But speaking for the consulting engineering sector, he believes that despite the skills shortages, local firms will be able to deliver once the government infrastructure programme comes on line.
Pirie notes that because of economic conditions elsewhere, many engineers are returning home to South Africa.
South African engineering and construction firms enjoyed a temporary boom during the build-up to the 2010 Fifa Soccer World Cup, with government orders for airports projects, new stadiums, freeway upgrades, bus rapid transit systems and more. This was negatively counterbalanced, however, as construction projects in the private sector started taking a dip in 2009 and 2010, with dwindling demand for new residential and commercial property build.
It is almost only the mining sector in South Africa that has been offering some respite, with a number of firms focusing on new projects in this sector.
At least three large construction firms – Aveng, Wilson Bayly Holmes Ovcon (WBHO) and Basil Read – have spread their wings mainly to Australia, but also into Africa and Asia. Others, such as Group Five, are increasingly taking on projects in Africa, the Middle East and Eastern Europe.
Group Five’s over-border portion of its R8.8-billion construction order book now stands at 30%.
Aveng reported a 37% fall in headline earnings to R1.2bn for the year to 30 June, which CEO Roger Jardine blames on the “significant” slowing of the local construction and infrastructure environment, particularly in the public sector. He warned that the infrastructure market in South Africa would most likely remain under pressure for the next two years.
The growth in the firm’s two-year order book comes mostly from its Australasian operations. By November, it reported that about 85% of its order book came from the private sector, and 73% from projects outside South Africa.
Construction firm WBHO believes industry conditions will remain negative for some time to come. The group generated most of its revenue, namely 52%, for the year ending on 30 June outside South Africa, specifically in Australia and the rest of Africa.

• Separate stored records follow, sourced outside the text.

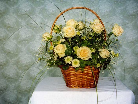 Зелень вся из горшков - папоротник адиантум ("пушистик" такой) и листья зефирантеса(длинные, тонкие). Только вот адиантум долго не стоит - 2 дня - и надо обновлять. Но, учитывая, какие он выдает заросли каждый год - это не страшно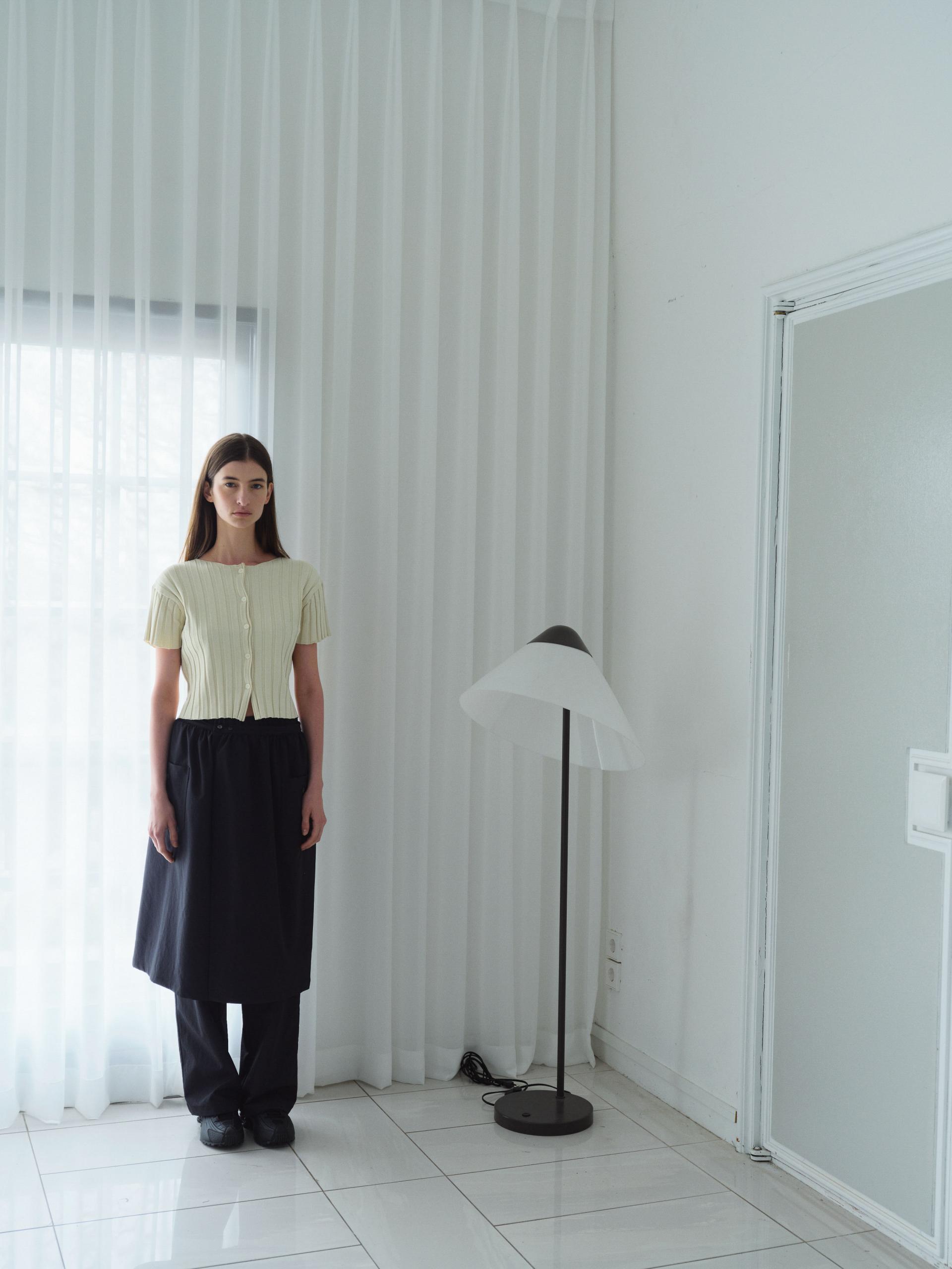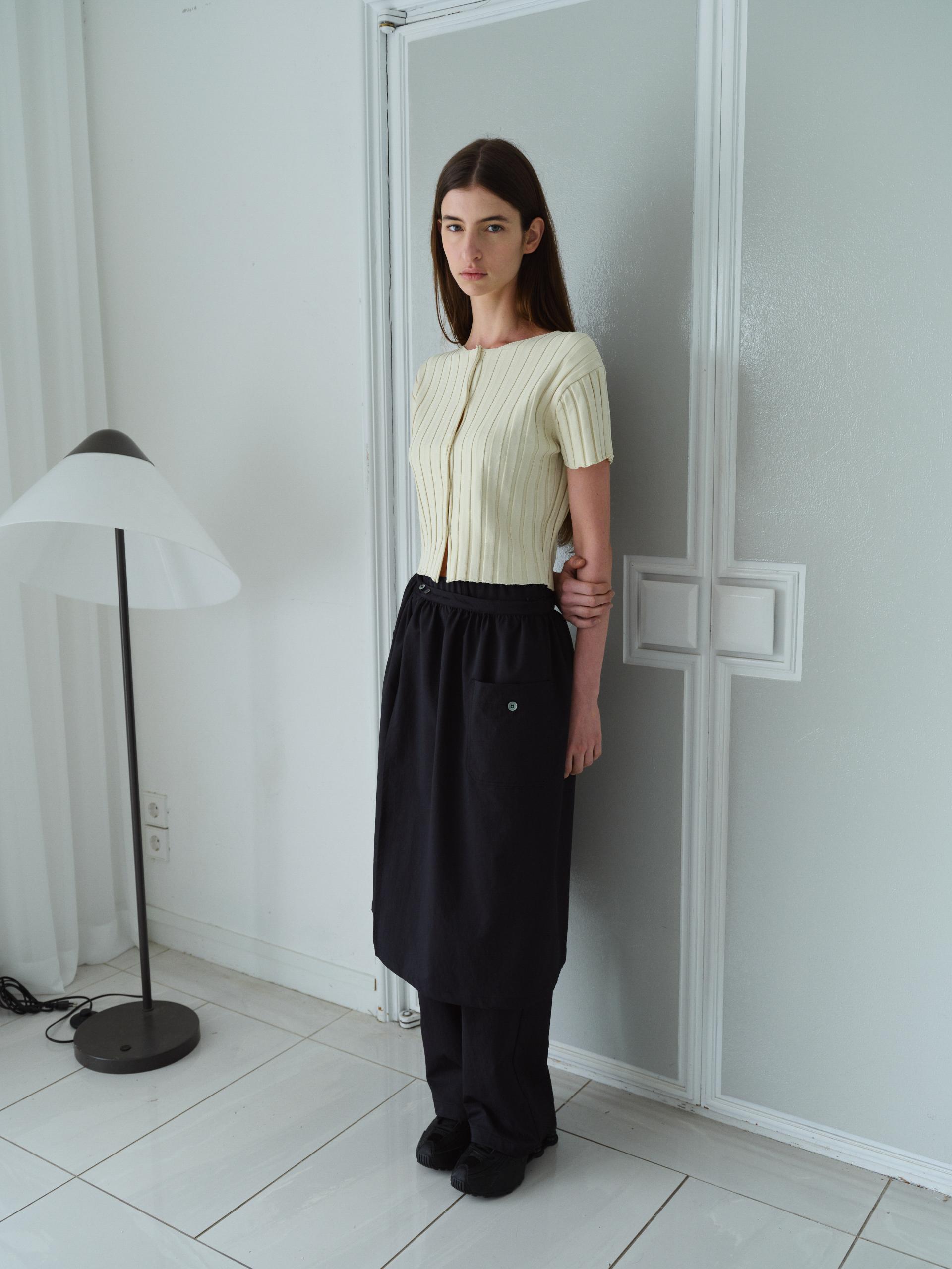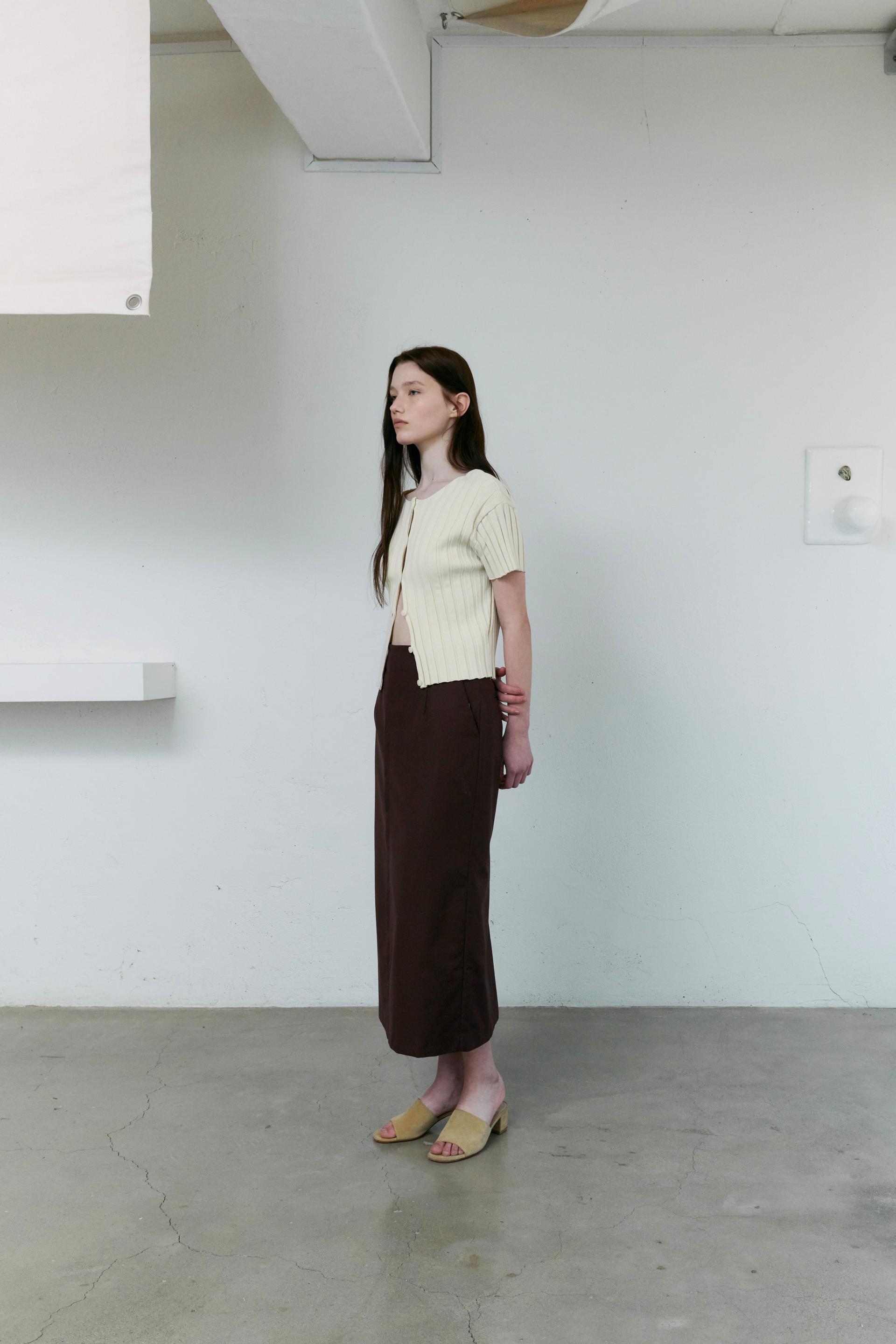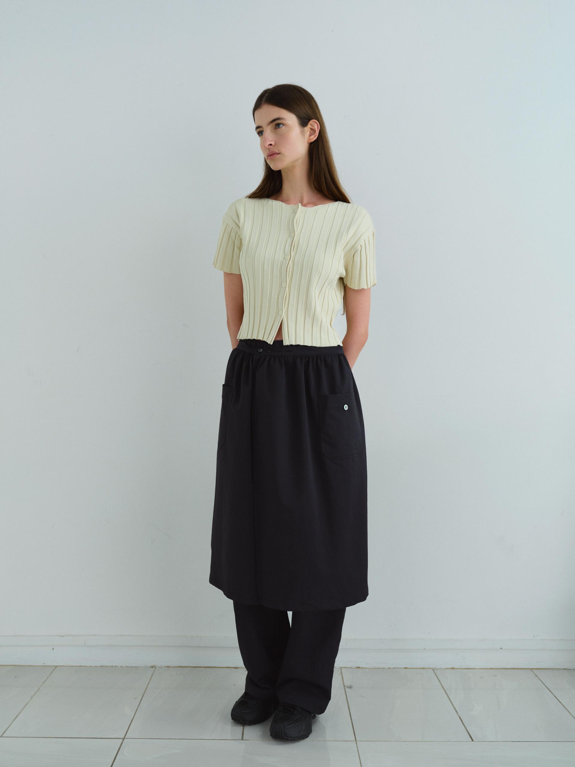 - 짧은 소매와 총장이 특징이며, 촘촘하게 편직해 입체감이 돋보입니다.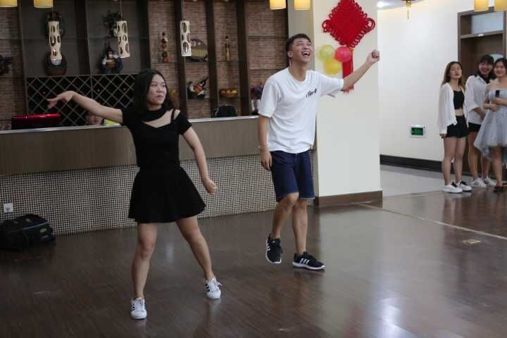 基地班本科生张桂东同学带来的歌曲南财版《成都》,熟悉的旋律,精心谱写的歌词,缓缓诉来南财学生对学校的深厚感情,打动了现场的每一位听众。小游戏“喊数抱团”,把参与游戏的男生规定为五角,参与的女生规定为一元,然后学员绕圆形路线慢跑,听钱数抱团。游戏进行中,处处充满欢笑,进一步增近了学员间的友谊。南京邮电大学研二学生谢依玲带来舞蹈《Black Dress》,进一步调动了现场气氛。同时,她还与明星色情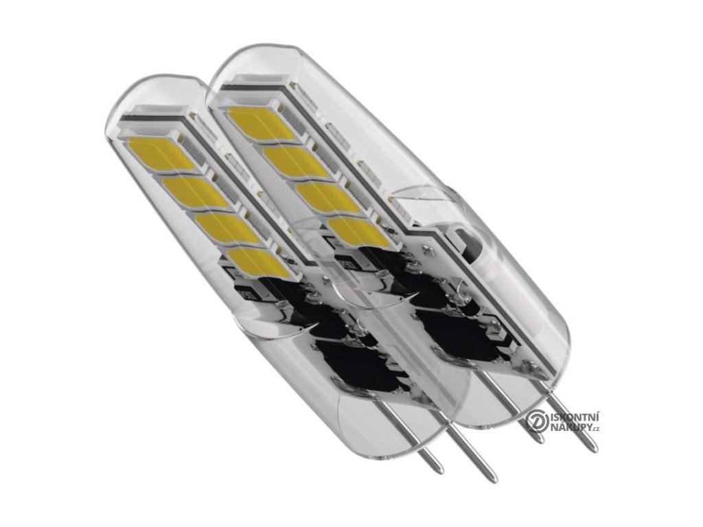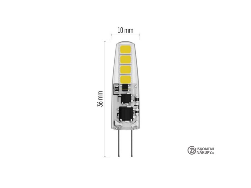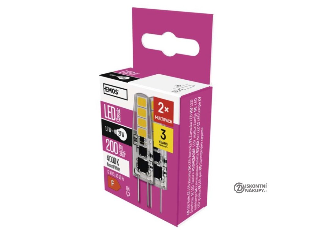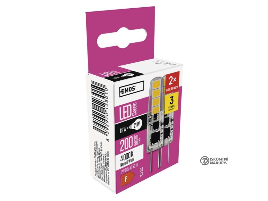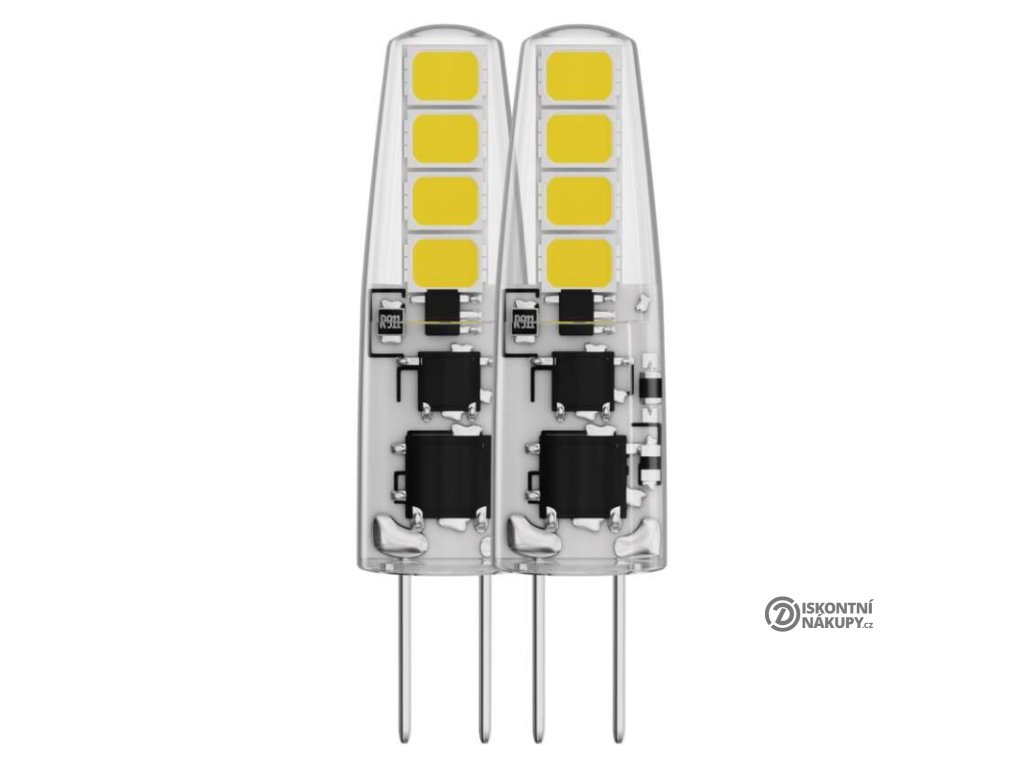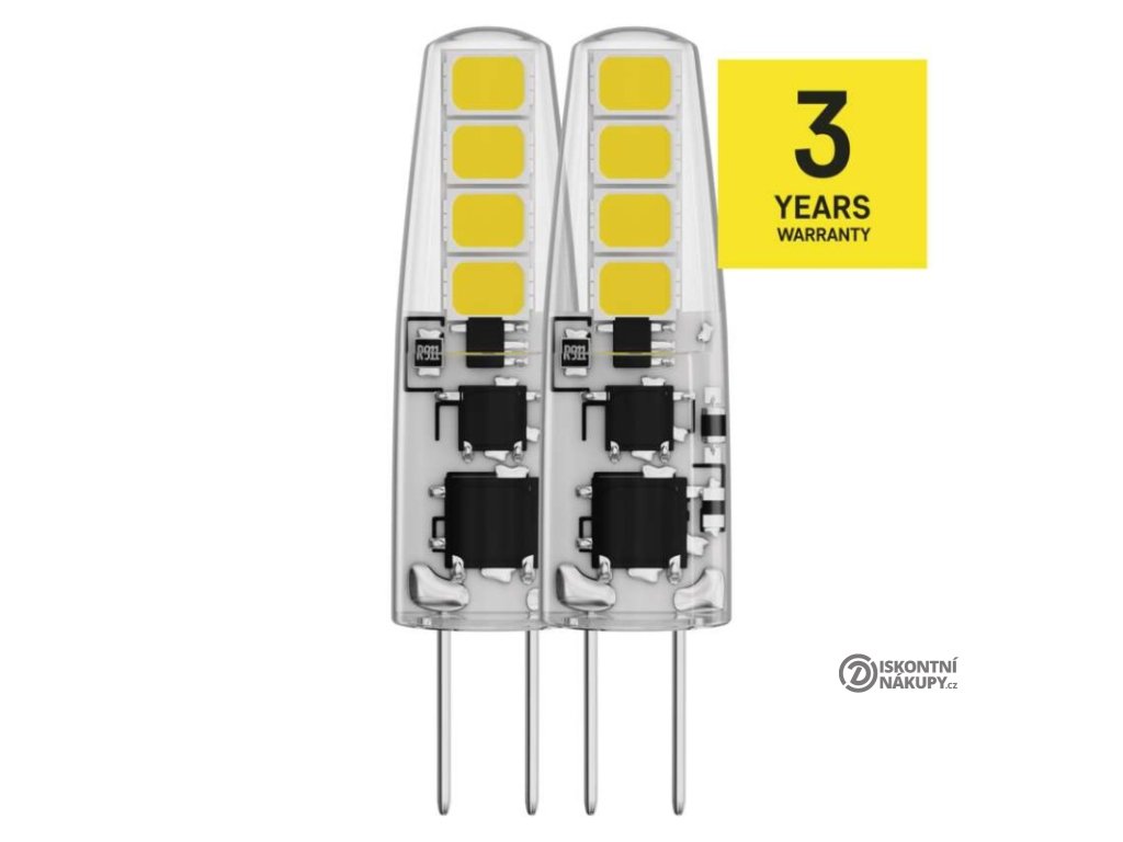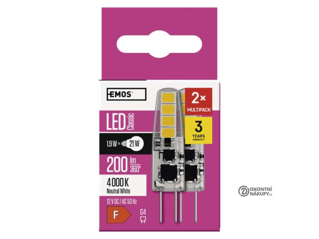 barva světla: neutrální bílá|energetická třída: F|index podání barev (CRI): 80|kompatibilita: neuvádí se|náhrada za žárovku: 21 W|napětí: 12 V|notifikace do mobilní aplikace: neuvádí se|ovládání hlasovými asistenty: neuvádí se|patice (uchycení žárovky): G4|počet čipů: neuvádí se|počet spínacích cyklů: 25 000|podporované OS: neuvádí se|přenosová frekvence: neuvádí se|příkon: 1,9 W|prodejní obal: 2 ks, krabička|protokol: neuvádí se|řada: CLASSIC|rozměr: 36 × 10 × 10 mm|stmívatelná: ne|světelná účinnost: 105 lm/W|světelný tok: 200 lm|technologie: LED|teplota chromatičnosti: 4 000 K|tvar: JC|typ čipů: SMD|účiník: 0,69|úhel vyzařování: 300°|záruční doba: 3 roky|životnost: 30 000 hodinDoplňkové parametry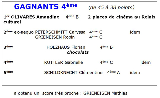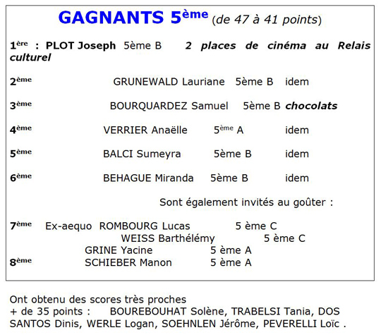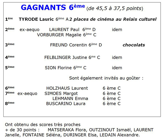En 6ème, 16 élèves ont rendu leur questionnaire quasiment complet ; 10 élèves ont obtenu plus de 37,5 points (sur un total de 49) BRAVO |

It is very optimistic about business opportunities in Australia, saying that 35% to 40% of its annual revenue is already being generated in that country.
WBHO shared a generally pessimistic view in the industry: apart from the known large projects such as that of Eskom and some roads projects already started, public sector projects are unlikely to be launched any time soon; and even if they were, red tape, indecision and lack of capacity generally cause delays of up to three years before actual construction work can begin.
Basil Read announced in September that it had acquired a majority 52% interest in Australian civil engineering company, Central Systems, as it was continuing to expand into markets outside South Africa due to the flat local commercial and public infrastructure conditions.
But it added that the first half of 2011/2012 was marked by difficult trading conditions as well as the economic pressure experienced worldwide.
Like other companies in the construction and construction supply industries, Accentuate – a flooring and chemicals manufacturer and distributor listed on the Johannesburg Stock Exchange – reported negative results as it moved into the red, blaming it on the difficult trading conditions in the sector.
Since early 2010, President Jacob Zuma and others in his government have been stressing the need to stimulate economic growth and job creation through a massive public infrastructure programme. The government’s National Planning Commission, headed by Minister in the Presidency Trevor Manuel, has identified underinvestment in public infrastructure spend as a key negative contributing to slow economic growth.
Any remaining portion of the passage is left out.